В мое кресло собакен забирается только нелегально: если видит, что мама (я) выходит из комнаты. Когда же мама возвращается, собакен резко сваливает из кресла, если не успела уснуть. А если не успела проснуться, то приходится сначала ее будить, а потом она, очухавшись, соскакивает и несется на свое место со всех лап.
Иногда так зайдешь в комнату, видишь нарушение общественного порядка в виде дрыхнущей без задних лап шарпеихи и умиляешься. Вроде бы следует прогнать и поругать за нечеловеческое хамство. Но она такая плюшевая, свернулась кремовым калачом и явственно похрапывает. Брыли развалились и обнажили сиренево-розовые десны и белые зубы, меж которыми подрагивает фиолетово-сероватый кончик языка. Пухлый шарпейский нос тоже подергивается, веки дрожат, под ними шевелятся глаза — шарпейка явно что-то видит во сне. Хвост вздрагивает, собака начинает перебирать во сне лапами, словно в замедленном кино, сипло взлаивает короткими тявками — пёсхену, похоже, снится, что она кого-то догоняет.
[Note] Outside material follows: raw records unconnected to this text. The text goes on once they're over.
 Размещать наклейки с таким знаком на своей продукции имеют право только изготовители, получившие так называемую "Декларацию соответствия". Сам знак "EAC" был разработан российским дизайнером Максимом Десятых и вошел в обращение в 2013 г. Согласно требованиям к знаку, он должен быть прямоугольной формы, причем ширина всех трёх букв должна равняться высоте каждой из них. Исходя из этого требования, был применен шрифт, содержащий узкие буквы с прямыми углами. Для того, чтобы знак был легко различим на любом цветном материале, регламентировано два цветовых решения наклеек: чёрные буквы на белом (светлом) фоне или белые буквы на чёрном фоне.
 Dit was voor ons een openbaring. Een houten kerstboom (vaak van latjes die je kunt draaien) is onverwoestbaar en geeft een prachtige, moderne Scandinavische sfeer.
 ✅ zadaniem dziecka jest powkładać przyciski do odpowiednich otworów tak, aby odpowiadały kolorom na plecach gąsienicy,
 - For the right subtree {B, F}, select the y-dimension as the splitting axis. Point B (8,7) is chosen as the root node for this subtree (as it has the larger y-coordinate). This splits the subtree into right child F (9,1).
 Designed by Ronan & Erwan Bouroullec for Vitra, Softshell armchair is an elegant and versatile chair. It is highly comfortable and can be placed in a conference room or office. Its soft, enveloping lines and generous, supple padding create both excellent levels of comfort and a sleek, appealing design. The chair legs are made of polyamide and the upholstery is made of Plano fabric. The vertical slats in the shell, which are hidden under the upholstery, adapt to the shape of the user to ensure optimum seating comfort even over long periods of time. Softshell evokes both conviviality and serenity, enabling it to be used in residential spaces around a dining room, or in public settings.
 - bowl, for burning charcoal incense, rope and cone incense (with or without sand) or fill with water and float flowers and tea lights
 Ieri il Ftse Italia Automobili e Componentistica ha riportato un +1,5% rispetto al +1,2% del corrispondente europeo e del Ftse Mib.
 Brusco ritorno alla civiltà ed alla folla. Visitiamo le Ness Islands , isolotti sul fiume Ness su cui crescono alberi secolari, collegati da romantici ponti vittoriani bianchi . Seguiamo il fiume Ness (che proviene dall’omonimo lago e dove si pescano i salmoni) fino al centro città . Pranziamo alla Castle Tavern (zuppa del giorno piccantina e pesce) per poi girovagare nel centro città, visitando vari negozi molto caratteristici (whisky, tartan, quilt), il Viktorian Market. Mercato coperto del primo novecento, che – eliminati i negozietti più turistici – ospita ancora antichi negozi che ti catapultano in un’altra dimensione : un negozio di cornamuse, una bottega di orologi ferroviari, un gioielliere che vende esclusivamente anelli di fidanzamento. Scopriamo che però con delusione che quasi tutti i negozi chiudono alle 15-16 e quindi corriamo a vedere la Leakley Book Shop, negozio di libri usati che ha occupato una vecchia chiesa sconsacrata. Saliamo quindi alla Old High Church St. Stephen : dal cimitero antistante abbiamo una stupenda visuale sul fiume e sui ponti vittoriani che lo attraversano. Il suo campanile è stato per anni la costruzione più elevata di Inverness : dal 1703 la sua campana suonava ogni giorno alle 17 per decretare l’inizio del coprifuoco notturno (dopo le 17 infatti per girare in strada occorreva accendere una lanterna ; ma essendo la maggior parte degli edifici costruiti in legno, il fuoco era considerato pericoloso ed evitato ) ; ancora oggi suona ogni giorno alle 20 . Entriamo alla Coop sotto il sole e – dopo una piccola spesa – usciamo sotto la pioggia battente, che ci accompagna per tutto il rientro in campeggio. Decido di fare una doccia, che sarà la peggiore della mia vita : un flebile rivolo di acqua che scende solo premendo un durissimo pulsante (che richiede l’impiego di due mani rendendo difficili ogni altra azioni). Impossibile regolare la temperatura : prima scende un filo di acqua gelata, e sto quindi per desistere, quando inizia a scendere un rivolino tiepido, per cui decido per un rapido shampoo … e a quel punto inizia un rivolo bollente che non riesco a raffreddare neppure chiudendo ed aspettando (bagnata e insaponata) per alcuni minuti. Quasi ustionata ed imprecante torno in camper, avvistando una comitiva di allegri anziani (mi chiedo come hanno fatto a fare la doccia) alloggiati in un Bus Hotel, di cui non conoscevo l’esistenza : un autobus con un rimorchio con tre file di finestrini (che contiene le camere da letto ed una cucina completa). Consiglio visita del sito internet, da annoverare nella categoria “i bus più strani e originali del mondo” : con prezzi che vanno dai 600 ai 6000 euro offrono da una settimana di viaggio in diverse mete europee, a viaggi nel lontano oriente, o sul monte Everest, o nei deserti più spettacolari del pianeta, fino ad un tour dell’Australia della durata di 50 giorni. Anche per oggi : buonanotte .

Подхожу, осторожно дотрагиваюсь, тихонько, чтобы не напугать, зову: «Тэйчунь». Собака вскидывает голову и ошалелыми глазами смотрит по сторонам, не понимая еще, что спалилась. Морда заспанная, как припухшая после сна. Потом собака приходит в себя, понимает, какой страшный грех совершила, забравшись в мамино кресло, и быстро валит в детскую на свое место.